MATERIAL SHOWN below:

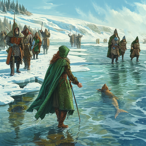 fantasy art. An illustartion in the style of Larry Elmore. A female druid dressed in green walks across a frozen lake to help an injured fisherman. Other fishermen applaud and cheer as she approaches. --v 6.0
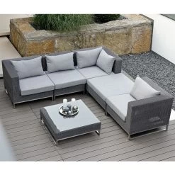 Stern Fontana Korpus Eckelement Geflecht basaltgrau inkl. Sitz- und Rückenkissen seidengrau 100% Polyacryl mit Reißverschluss
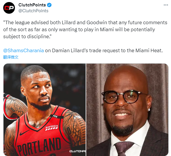 利拉德只想加盟热火,这已经不是什么秘密,对于这样的情况,联盟已经介入,据名记报道,联盟劝告利拉德和古德温(他的经纪人)未来别再说他只想为热火打球的言论,如果这些言论继续下去,他们都会受到纪律处分。
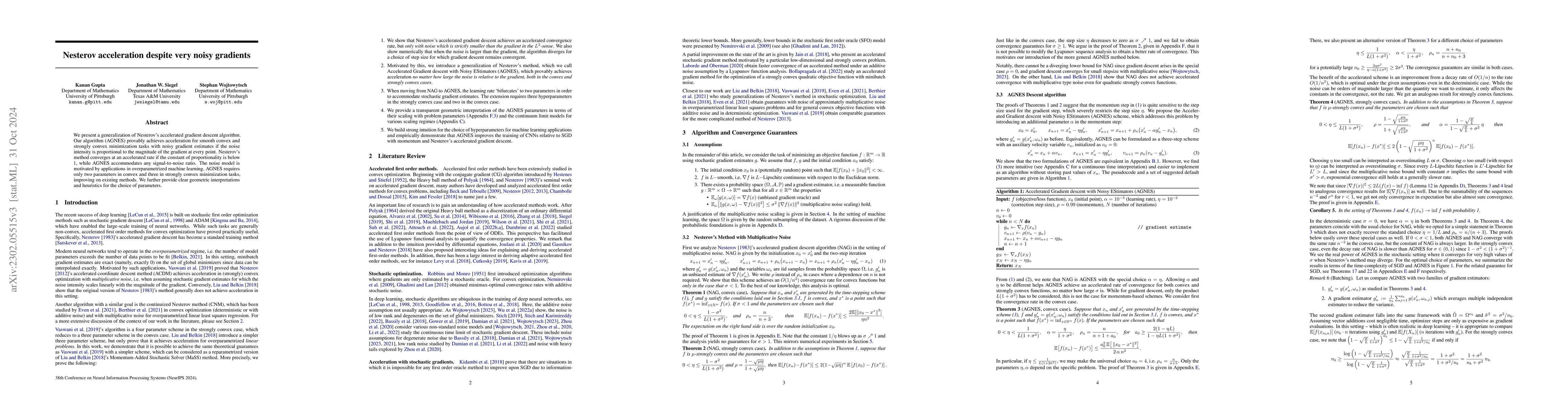 We present a generalization of Nesterov's accelerated gradient descent algorithm. Our algorithm (AGNES) provably achieves acceleration for smooth convex minimization tasks with noisy gradient estimates if the noise intensity is proportional to the magnitude of the gradient. Nesterov's accelerated gradient descent does not converge under this noise model if the constant of proportionality exceeds one. AGNES fixes this deficiency and provably achieves an accelerated convergence rate no matter how small the signal to noise ratio in the gradient estimate. Empirically, we demonstrate that this is an appropriate model for mini-batch gradients in overparameterized deep learning. Finally, we show that AGNES outperforms stochastic gradient descent with momentum and Nesterov's method in the training of CNNs.
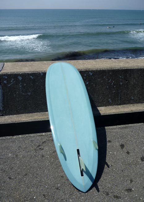 もう一本は、不動の人気のMIN 6’8”。またシングルフィンですいません。シングルばかりなのは、あくまでも個人的趣味で、デフォルトはトライフィンです。トライ、オーダーでお作りします。
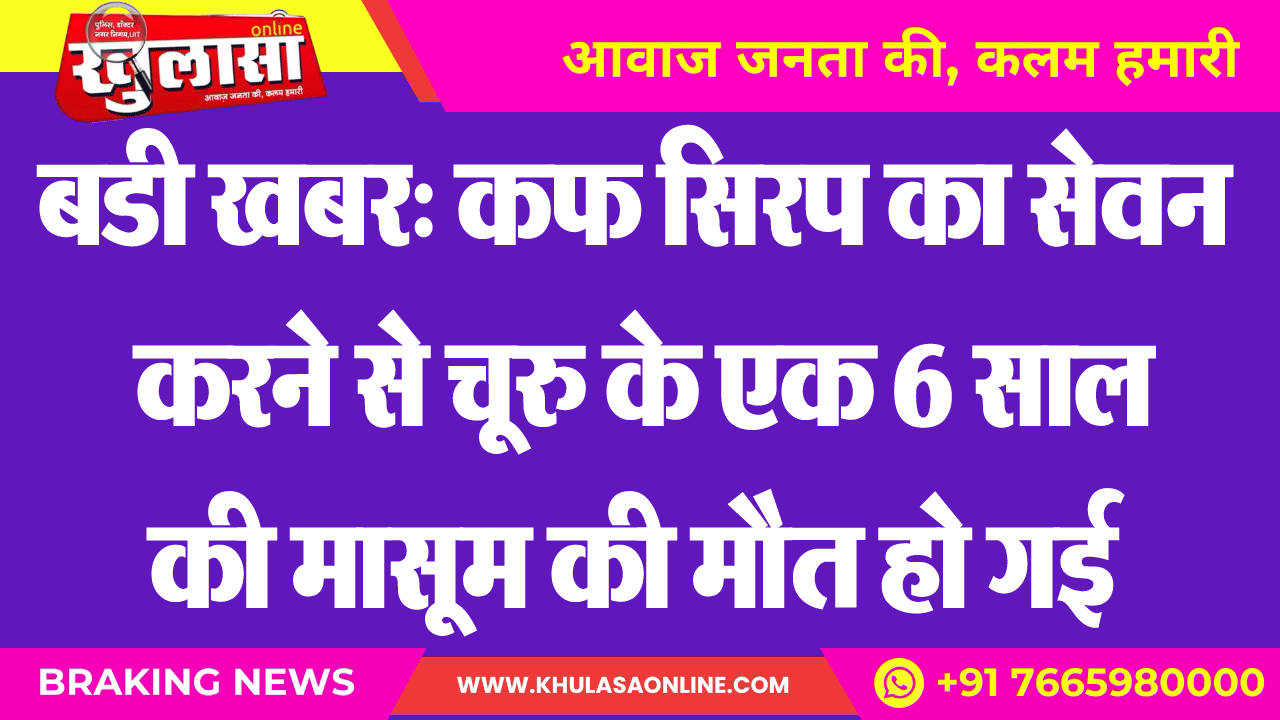बडी खबर: कफ सिरप का सेवन करने से चूरु के एक 6 साल की मासूम की मौत हो गई
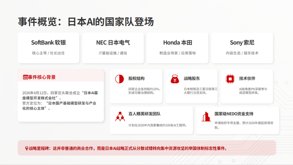 4月12日,软银、NEC、本田、索尼共同成立日本AI基盘模型开发公司,定位为日本国产基础模型研发与产业化的核心主体。四家企业各持股约10%,计划招募约100名AI开发人员,由软银高管担任社长。日本制铁以及三菱日联、三井住友、瑞穗三家大型银行作为少数股东参与投资。AI开发企业Preferred Networks也将参与技术研发。
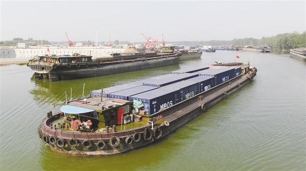 9月24日上午,周口港至太仓港点对点集装箱精品航线开航仪式在周口中心港码头举行。图为载满集装箱的货船缓缓驶离周口港码头。
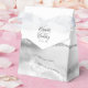 Esta elegante caixa de favores moderna apresenta uma cinza e uma cor branca de água agada design aparada com cintilação de prata. Personalize-o com os nomes do casal no roteiro de cinza de carvão sobre uma grande seringa de cinza pálida e em fundo branco, juntamente com a data do casamento abaixo.
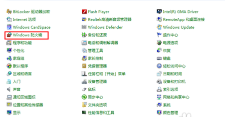 4、在开始菜单中打开控制面板,在控制面板中打开windows防火墙选项。
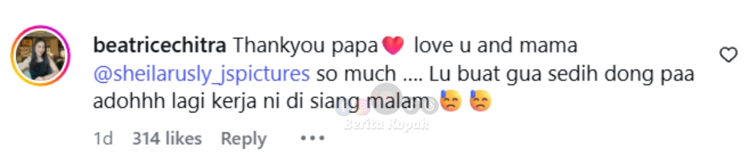 ” Lu buat gua sedih dong Pa. Adoh, lagi kerja ni.. ” – Beatrice
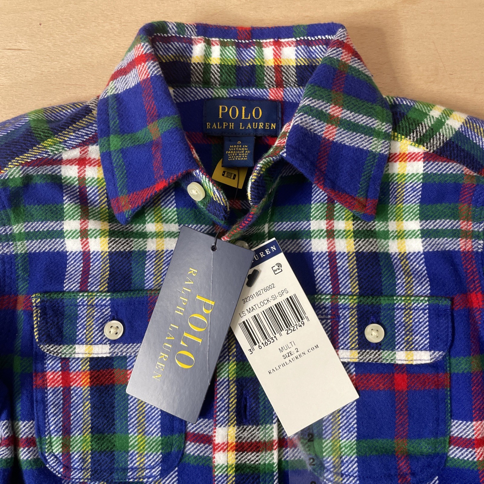 POLO RALPH LAUREN Boys Flannel Shirt 2 Years NEW Blue Mix Check Cotton "Matlock"

End of MATERIAL SHOWN.

**WORK TASK**
The line containing "बडी खबर: कफ" marks where the copy ends; print every line before it from the start of the records, and that line too, but no pictures.

**ANSWER SECTION**
 fantasy art. An illustartion in the style of Larry Elmore. A female druid dressed in green walks across a frozen lake to help an injured fisherman. Other fishermen applaud and cheer as she approaches. --v 6.0
 Stern Fontana Korpus Eckelement Geflecht basaltgrau inkl. Sitz- und Rückenkissen seidengrau 100% Polyacryl mit Reißverschluss
 利拉德只想加盟热火,这已经不是什么秘密,对于这样的情况,联盟已经介入,据名记报道,联盟劝告利拉德和古德温(他的经纪人)未来别再说他只想为热火打球的言论,如果这些言论继续下去,他们都会受到纪律处分。
 We present a generalization of Nesterov's accelerated gradient descent algorithm. Our algorithm (AGNES) provably achieves acceleration for smooth convex minimization tasks with noisy gradient estimates if the noise intensity is proportional to the magnitude of the gradient. Nesterov's accelerated gradient descent does not converge under this noise model if the constant of proportionality exceeds one. AGNES fixes this deficiency and provably achieves an accelerated convergence rate no matter how small the signal to noise ratio in the gradient estimate. Empirically, we demonstrate that this is an appropriate model for mini-batch gradients in overparameterized deep learning. Finally, we show that AGNES outperforms stochastic gradient descent with momentum and Nesterov's method in the training of CNNs.
 もう一本は、不動の人気のMIN 6’8”。またシングルフィンですいません。シングルばかりなのは、あくまでも個人的趣味で、デフォルトはトライフィンです。トライ、オーダーでお作りします。
बडी खबर: कफ सिरप का सेवन करने से चूरु के एक 6 साल की मासूम की मौत हो गई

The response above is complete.